When you have secured debts, you have 4 choices:
SURRENDER or return the property to the creditor in full satisfaction of the debt. Even if the creditor sells the property for less than the debt, all the debt is discharged.
REAFFIRM the debt and continue to make payments according to the original terms of the note. If you want to reaffirm, the creditor will normally require that you be current on your debt, or at least close to current. Thereafter, the reaffirmation can be rescinded (terminated) within 60 days of filing if you change your mind. If you default on the reaffirmation, the creditor has the right to repossess the property, sell it, and come after you for any deficiency. Therefore, you should be careful when reaffirming any debt.
REDEEM the property by paying the secured creditor the value of the property held as security. The creditor is not required to refinance a redemption. The redemption value is the current fair market value of the property and has nothing to do with the total due to the creditor.

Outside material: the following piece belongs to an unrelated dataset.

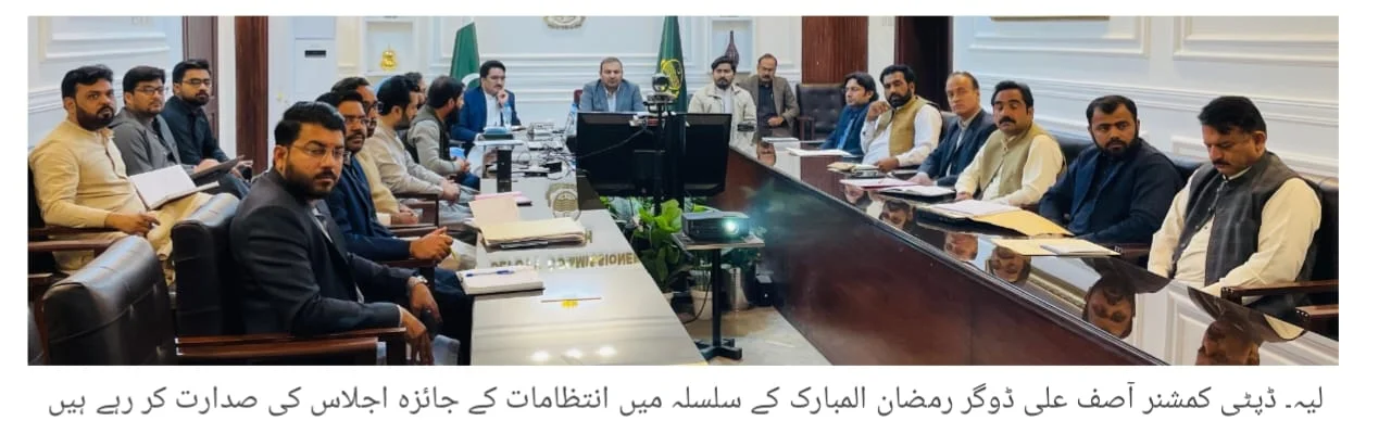 لیہ(نمائندہ لیہ ٹی وی) ڈپٹی کمشنر آصف علی ڈوگر نے کہا ہے کہ رمضان المبارک میں عوام کو مثالی سہولیات فراہم کریں گے۔ انہوں نے یہ بات کمیٹی روم میں رمضان انتظامات کے جائزہ اجلاس کی صدارت کرتے ہوئے کہی۔ اجلاس میں ایڈیشنل ڈپٹی کمشنرز شاہد ملک، شبیر احمد ڈوگر، اسسٹنٹ کمشنر لیہ زوہیب کریم، ایس ڈی ای او پیرا ام حبیبہ اور متعلقہ افسران موجود تھے جبکہ اسسٹنٹ کمشنر کروڑ لعل عیسن اصغر علی اور اسسٹنٹ کمشنر چوبارہ ندیم ارشد نے ویڈیو لنک کے ذریعے شرکت کی۔ ڈپٹی کمشنر نے ہدایت کی کہ وزیر اعلیٰ پنجاب رمضان نگہبان کارڈ گھر گھر پہنچانے، ایکٹیویٹ کرنے اور رقوم کی ادائیگی کو رمضان کے پہلے عشرے تک یقینی بنایا جائے۔ ڈپٹی کمشنر نے کہا کہ مساجد اور امام بارگاہوں کی صفائی ستھرائی اور لائٹنگ کا مناسب بندوبست کیا جائے جبکہ رمضان بازار، سہولت بازار اور سہولت آن دا گو بازار رمضان المبارک سے قبل آپریشنل کر دئے جائیں۔ ڈپٹی کمشنر نے ہدایت کی کہ رمضان دستر خوان مریم کے مہمان کے لئے موزوں مقامات پر افطار کے بہترین انتظامات کئے جائیں۔ ڈپٹی کمشنر نے کہا کہ اشیاء خوردونوش کی نیلامی کے عمل سے مارکیٹ تک قیمتوں کی پڑتال کی جائے۔ مصنوعی مہنگائی اور ذخیرہ اندوزوں کے خلاف فوری کارروائی کی جائے۔ ڈپٹی کمشنر نے کہا کہ رمضان المبارک رحمتوں اور برکتوں کا مہینہ ہے۔ تمام متعلقہ ادارے اور افسران عوام کی حقیقی معنوں میں خدمت کر کے نیکیاں سمیٹیں اور اللّہ تعالیٰ کے ہاں سرخرو ہوں۔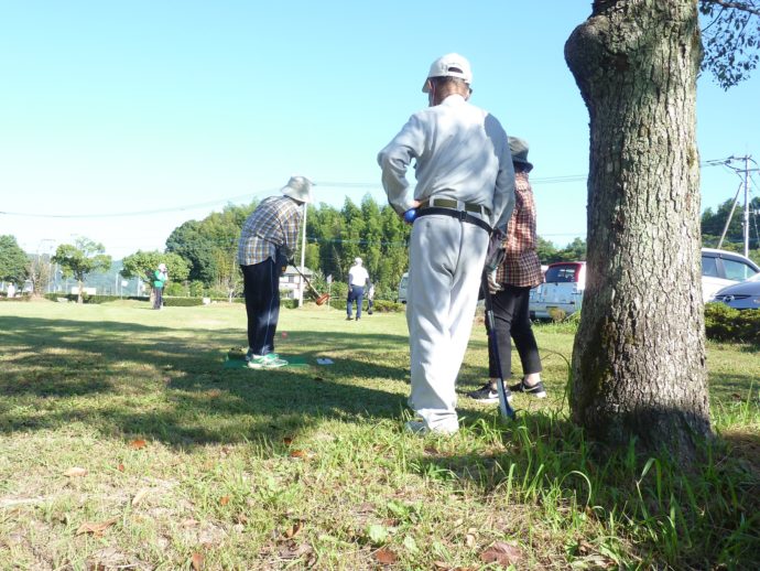 今月から緊急事態宣言解除に伴い、感染対策を十分に施したうえでグランドゴルフを再開しました。

FILE A CHAPTER 13. In a Chapter 13, you can repay the debt over a 3 or 5 year period. With secured debts, if the loan is over 2-1/2 years old (for motor vehicles) or over 1 year old (all other personal property), the debt can be “crammed down” to the fair market value of the collateral. In the case of a home mortgage, bankruptcy law says you cannot change the terms of the note and mortgage (the interest rate, the monthly payment, etc). However, on “unsecured debts” (credit cards, medical bills, small loans), creditors may be paid in full or may have to accept a percentage of the debt.